What you should do: Pick each line that has "with" out of the records.

──────── Exercise material

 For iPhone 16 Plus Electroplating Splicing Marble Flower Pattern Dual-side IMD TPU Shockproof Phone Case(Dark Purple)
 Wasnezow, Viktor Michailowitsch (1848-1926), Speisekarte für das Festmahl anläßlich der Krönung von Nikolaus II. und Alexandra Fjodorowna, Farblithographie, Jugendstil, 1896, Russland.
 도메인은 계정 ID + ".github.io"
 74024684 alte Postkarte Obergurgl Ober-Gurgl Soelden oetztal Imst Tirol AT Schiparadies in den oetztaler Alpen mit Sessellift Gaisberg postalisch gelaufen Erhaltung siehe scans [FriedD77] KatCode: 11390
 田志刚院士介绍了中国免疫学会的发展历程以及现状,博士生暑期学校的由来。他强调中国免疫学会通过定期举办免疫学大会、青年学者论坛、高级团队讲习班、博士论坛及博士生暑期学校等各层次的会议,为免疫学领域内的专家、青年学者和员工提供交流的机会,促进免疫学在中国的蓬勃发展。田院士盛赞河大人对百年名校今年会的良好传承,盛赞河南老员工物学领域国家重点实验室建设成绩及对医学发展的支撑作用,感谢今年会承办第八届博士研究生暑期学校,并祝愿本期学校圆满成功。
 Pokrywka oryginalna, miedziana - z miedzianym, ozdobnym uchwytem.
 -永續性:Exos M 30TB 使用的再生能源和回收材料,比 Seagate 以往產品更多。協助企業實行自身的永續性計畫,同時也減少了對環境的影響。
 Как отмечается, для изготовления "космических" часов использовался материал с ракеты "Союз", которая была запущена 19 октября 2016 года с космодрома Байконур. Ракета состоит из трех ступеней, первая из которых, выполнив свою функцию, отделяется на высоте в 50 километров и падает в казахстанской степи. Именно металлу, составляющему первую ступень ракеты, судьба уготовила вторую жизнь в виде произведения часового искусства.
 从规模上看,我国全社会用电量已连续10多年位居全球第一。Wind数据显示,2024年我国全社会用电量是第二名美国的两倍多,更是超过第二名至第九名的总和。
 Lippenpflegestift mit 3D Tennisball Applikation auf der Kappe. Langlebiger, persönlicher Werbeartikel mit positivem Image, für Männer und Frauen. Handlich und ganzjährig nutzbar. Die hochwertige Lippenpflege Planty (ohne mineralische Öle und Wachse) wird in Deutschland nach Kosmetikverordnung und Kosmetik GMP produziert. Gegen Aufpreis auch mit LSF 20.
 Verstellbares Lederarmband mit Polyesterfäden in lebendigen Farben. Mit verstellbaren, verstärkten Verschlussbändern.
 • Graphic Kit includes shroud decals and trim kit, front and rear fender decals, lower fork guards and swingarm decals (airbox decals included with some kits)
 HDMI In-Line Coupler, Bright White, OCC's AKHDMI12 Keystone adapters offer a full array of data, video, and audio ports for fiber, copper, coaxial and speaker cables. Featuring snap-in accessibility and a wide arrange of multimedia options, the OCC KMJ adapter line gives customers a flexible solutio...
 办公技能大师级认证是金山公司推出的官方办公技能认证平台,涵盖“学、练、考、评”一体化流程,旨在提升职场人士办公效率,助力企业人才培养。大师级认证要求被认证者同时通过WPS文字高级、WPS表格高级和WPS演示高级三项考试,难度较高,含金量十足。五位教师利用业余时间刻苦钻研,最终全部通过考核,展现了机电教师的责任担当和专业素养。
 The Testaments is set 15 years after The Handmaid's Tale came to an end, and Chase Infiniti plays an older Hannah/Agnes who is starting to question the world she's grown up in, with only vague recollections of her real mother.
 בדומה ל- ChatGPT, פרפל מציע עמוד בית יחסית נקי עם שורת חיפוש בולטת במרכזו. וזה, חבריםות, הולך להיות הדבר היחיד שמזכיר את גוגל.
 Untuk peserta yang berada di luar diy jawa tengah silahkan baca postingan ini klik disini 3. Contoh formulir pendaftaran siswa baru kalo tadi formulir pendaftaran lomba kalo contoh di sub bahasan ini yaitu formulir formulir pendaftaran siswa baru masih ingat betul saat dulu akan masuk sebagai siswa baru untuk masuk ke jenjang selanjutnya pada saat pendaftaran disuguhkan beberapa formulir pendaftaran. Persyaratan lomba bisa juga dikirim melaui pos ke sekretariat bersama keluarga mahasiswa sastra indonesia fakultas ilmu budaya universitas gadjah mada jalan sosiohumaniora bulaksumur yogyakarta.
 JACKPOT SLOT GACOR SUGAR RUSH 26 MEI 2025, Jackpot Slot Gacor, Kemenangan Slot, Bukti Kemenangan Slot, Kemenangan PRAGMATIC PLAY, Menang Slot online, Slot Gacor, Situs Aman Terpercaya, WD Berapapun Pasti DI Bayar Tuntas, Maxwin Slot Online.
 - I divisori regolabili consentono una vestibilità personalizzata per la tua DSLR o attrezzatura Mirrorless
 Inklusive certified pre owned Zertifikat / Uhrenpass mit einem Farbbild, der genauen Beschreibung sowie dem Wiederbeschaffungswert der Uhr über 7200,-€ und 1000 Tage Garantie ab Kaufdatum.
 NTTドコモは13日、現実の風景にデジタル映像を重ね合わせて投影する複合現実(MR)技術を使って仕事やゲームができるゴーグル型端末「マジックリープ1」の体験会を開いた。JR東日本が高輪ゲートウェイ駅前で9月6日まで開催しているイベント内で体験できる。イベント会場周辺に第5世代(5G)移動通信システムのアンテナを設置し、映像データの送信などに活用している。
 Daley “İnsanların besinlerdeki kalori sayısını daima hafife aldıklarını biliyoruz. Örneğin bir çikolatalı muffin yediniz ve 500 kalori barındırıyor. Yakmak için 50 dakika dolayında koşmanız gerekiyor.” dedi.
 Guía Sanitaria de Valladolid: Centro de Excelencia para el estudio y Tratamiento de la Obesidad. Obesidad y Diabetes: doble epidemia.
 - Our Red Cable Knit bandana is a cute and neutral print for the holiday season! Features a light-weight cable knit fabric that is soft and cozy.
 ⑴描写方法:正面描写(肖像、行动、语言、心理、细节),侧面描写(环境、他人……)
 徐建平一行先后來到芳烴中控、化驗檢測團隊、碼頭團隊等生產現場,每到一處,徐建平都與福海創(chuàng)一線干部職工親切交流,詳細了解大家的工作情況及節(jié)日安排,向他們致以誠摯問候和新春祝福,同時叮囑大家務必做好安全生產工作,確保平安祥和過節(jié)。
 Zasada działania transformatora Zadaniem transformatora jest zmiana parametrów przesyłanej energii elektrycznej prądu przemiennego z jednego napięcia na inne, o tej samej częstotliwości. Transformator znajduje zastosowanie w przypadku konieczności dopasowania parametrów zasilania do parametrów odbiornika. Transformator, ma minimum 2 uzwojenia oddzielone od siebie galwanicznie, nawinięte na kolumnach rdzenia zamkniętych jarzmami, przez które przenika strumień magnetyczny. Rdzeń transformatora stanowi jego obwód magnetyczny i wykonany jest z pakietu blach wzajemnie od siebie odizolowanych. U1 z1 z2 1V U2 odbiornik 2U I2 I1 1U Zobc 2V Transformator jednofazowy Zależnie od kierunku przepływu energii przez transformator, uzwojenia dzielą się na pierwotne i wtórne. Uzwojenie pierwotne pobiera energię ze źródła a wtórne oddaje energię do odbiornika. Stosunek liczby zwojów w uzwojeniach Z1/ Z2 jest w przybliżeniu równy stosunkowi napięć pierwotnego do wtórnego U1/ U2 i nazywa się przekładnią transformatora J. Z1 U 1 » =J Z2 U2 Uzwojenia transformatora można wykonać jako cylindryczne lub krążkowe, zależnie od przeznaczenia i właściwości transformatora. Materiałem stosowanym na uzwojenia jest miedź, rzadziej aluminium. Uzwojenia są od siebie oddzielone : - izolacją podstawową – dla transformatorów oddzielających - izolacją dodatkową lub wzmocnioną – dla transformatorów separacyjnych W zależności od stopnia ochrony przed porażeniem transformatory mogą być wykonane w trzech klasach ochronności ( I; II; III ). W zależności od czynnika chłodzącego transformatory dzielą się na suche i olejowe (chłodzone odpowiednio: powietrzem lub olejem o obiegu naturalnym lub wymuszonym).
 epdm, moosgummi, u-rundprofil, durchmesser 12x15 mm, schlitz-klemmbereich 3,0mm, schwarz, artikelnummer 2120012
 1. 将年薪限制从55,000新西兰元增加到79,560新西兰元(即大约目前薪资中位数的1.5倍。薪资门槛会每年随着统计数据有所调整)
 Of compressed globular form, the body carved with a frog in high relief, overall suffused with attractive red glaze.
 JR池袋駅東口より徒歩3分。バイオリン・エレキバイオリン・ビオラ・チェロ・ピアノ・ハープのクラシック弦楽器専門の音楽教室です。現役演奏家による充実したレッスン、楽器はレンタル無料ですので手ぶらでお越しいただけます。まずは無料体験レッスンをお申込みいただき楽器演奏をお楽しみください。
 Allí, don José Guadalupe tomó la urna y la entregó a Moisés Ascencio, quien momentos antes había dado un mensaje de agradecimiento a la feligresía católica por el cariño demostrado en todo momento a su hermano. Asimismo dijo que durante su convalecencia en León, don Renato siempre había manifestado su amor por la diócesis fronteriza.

────────────────

Solution:
 • Graphic Kit includes shroud decals and trim kit, front and rear fender decals, lower fork guards and swingarm decals (airbox decals included with some kits)
 The Testaments is set 15 years after The Handmaid's Tale came to an end, and Chase Infiniti plays an older Hannah/Agnes who is starting to question the world she's grown up in, with only vague recollections of her real mother.
 Of compressed globular form, the body carved with a frog in high relief, overall suffused with attractive red glaze.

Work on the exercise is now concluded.